Artikel i vetenskaplig tidskrift
Författare Michele Cossellu
Kjell Nordberg
Publicerad i Journal of Sea Research
Volym 63
Nummer/häfte 3-4
Sidor 203-212
ISSN 1385-1101
Publiceringsår 2010
Publicerad vid Institutionen för geovetenskaper
Sidor 203-212
Språk en
Länkar dx.doi.org/10.1016/j.seares.2010.01...
Ämneskategorier Geovetenskap och miljövetenskap

Sammanfattning

Over the last thirty years, many shallow estuarine bays, located in Scandinavian sheltered coastal environments, have been subject to the increased dominance of opportunistic species of filamentous green algae, oxygen deficiency in bottom waters and the alteration of flora and fauna. Human-induced eutrophication has been held responsible for these recent changes, but from this study the importance of climatic factors emerges.

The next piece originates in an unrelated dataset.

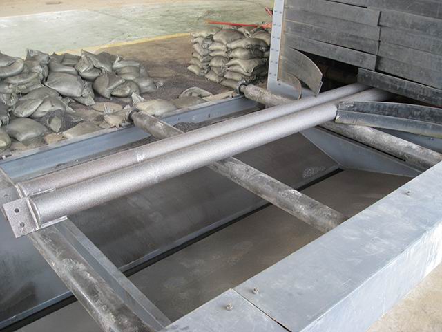 后工件表面表面的光潔度和粗糙度符合有關的標準規(guī)定。小口徑的鋼管使用內壁噴丸機,鋼管內壁噴丸處理線,主要包括移動臺車,砂斗,噴砂罐,噴槍,噴槍承載車,鋼管承載系統(tǒng),底部彈丸
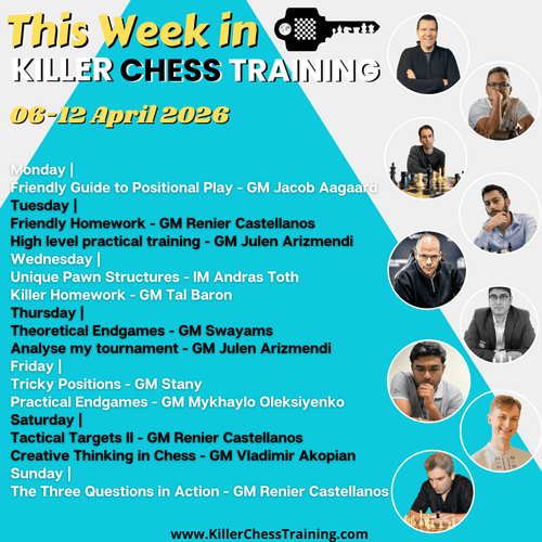 The schedule for our in-person camp is now available on the website. The general theme of the camp will be Attack and lecture will cover the following themes: Momentum, Include all the pieces in the attack, Color themes, Material, Attack the weakest square, Attack the strongest square, Evolution/ Revolution, Kill Zone. Finally, we will end the camp with a session on How to continue at home.

This research is based on the analysis of sediment cores from 8 shallow areas (d < 50 cm) along the Bohuslän archipelago, Swedish west coast, and focuses on their recent (< 100 years) sedimentary evolution. Evidence of hydrodynamic change was observed in the sediments, where modern fining-upward sequences contrast with the expected coarsening upward model due to ongoing land uplift. Heavy metal concentrations from modern pollution and 14C dating of mollusk shells and eelgrass roots provided the age control, and allowed to place these changes within the last three decades. Data were compared with historical meteorological records (seasonal warming, modification of dominant winds and upwelling and reduction of sea-ice), and a clear connection emerged between the environmental changes and variations in the North Atlantic Ocean weather pattern. The increase of winter temperature and reduction of reworking winter sea-ice in these sheltered bays increased the storing of nutrients in the sediments and the turnover of organic matter, favoring the early growth stage of opportunistic algae in the most sheltered areas of the archipelago. This, together with human-induced modifications (overfishing and eutrophication), increased the possibility of opportunistic explosions, which in turn determined a reduced water exchange, the increased deposition of fine sediments and organic matter and evolving hypoxic conditions.